Stocks continued their week-long turbulence Thursday, with the Dow Jones industrial average tumbling more than 400 points, then rebounding, on deepening concerns that a U.S.-China trade deal may be on the verge of collapse.
The Standard & Poor’s 500 index retreated as much as 1.4 percent, and the Nasdaq composite was down 1.8 percent in morning trading. But stocks clawed back after President Trump said at the White House that a deal was still possible and that he had received “a beautiful letter” from Chinese President Xi Jinping.

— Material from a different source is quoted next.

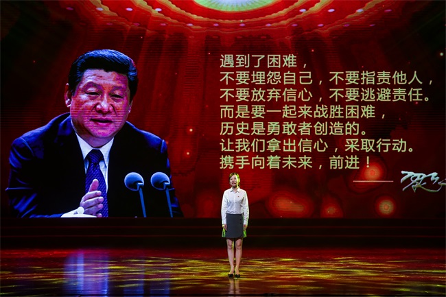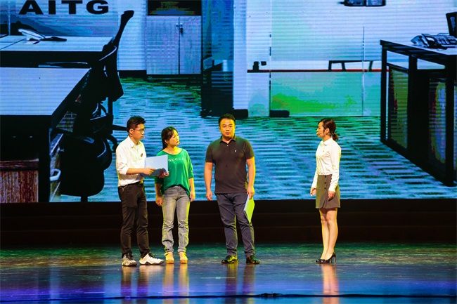 情景劇《使命的接力》分為四個篇章,前三個篇章以五四運動、抗日戰(zhàn)爭、新中國成立以及改革開放等重要時間節(jié)點為背景,節(jié)選具有鮮明時代烙印的畫面,講述了一百年來中國人民的民族氣節(jié)和不屈不饒的奮斗歷程;最后一個篇章則回歸到當(dāng)下外貿(mào)工作中的一個真實場景,描述了新時代國貿(mào)人接過前輩的接力棒,不忘初心、牢記使命,在一次次的磨礪中不斷成長,立志為中華民族偉大復(fù)興貢獻(xiàn)力量的動人故事。

The Dow closed the day at 25,828, a loss of 139 points, or 0.53 percent. The S&P 500 fell 8.7 points, or 0.30 percent, to finish at 2,870. The Nasdaq Composite was off 32.73 points on the day, about 0.41 percent, and closed at 7,910.
Real estate was the only industry out of 11 S&P sectors to finish the day in positive territory.
Asian stocks were down overnight, with Japan’s Nikkei 225 retreating nearly 1 percent and Hong Kong’s Hang Seng down 2.4 percent. The Shanghai composite was feeling pressure, too, sliding nearly 1.5 percent.
Europe closed in the red. France’s CAC 40 dropped 1.9 percent. Germany’s DAX was down 1.7 percent, and England’s FTSE 100 was off less than 1 percent.
Markets were bracing for a crucial phase in the negotiations between the United States and China. President Trump has said he will raise tariffs on Chinese goods starting early Friday.
Thursday night in Florida, Trump said that China “broke the deal” in the ongoing trade talks. “They can’t do that, so they’ll be paying,” he told supporters at a rally in Panama City Beach.
Twenty-one of the 30 Dow blue chips were in the red. The big gainer on the day was Chevron, which climbed 3.2 percent, followed by Dow and Goldman Sachs. Chevron pocketed a $1 billion breakup fee after it dropped its pursuit of Anadarko Petroleum, allowing Occidental Petroleum a clear path to acquiring the shale-oil company.
“Lots of broken hearts today,” said analyst Jennifer Rowland of Edward Jones. “Chevron and Anadarko break up, and market is jittery about U.S. and China breaking up trade deal.”
Intel, 3M, Apple and Disney were the hardest-hit Dow stocks in afternoon trading. Nasdaq stocks also took a beating, with chipmaker Microchip Technology, NVIDIA and the FAANG group — Facebook, Amazon, Apple, Netflix and Google-parent Alphabet — under siege.
Facebook co-founder Chris Hughes called Thursday for a breakup of the company, saying fellow co-founder Mark Zuckerberg was “not accountable.” Facebook shares ended at $188.65, down 0.47 percent on the day.
The week’s volatility was ignited by tweets last weekend from Trump, who threatened to increase tariffs from 10 percent to 25 percent on $200 billion worth of Chinese goods on Friday. He also said a new 25 percent fee on all remaining Chinese imports would follow “shortly” thereafter. The surprise move jeopardized talks that appeared headed for a deal.
After markets closed Monday, senior Trump administration officials accused Beijing of “reneging” on commitments made earlier in trade talks and reaffirmed their plan to raise tariffs.
Both sides were trying to repair the damage and conclude some sort of deal that is in the interest of the two biggest economies in the world.
Chinese Vice Premier Liu He was expected to meet U.S. Trade Representative Robert E. Lighthizer on Thursday, just hours before the higher levies kick in. The Chinese delegation is “coming to the U.S. to make a deal,” Trump tweeted. “We’ll see.”
The three major U.S. indexes had been near all-time highs last Friday, with the Dow up 12 percent for the year, the S&P 500 up more than 15 percent and the Nasdaq ahead 20 percent.
Analysts said markets can get over this week’s bump and continue marching upward if trade peace is achieved.
“We continue to believe that in order for the S&P 500 to sustain new record highs, we need a trade deal and stabilization in the global economy,” said Scott Wren of the Wells Fargo Investment Institute. “Those two concepts are closely tied.”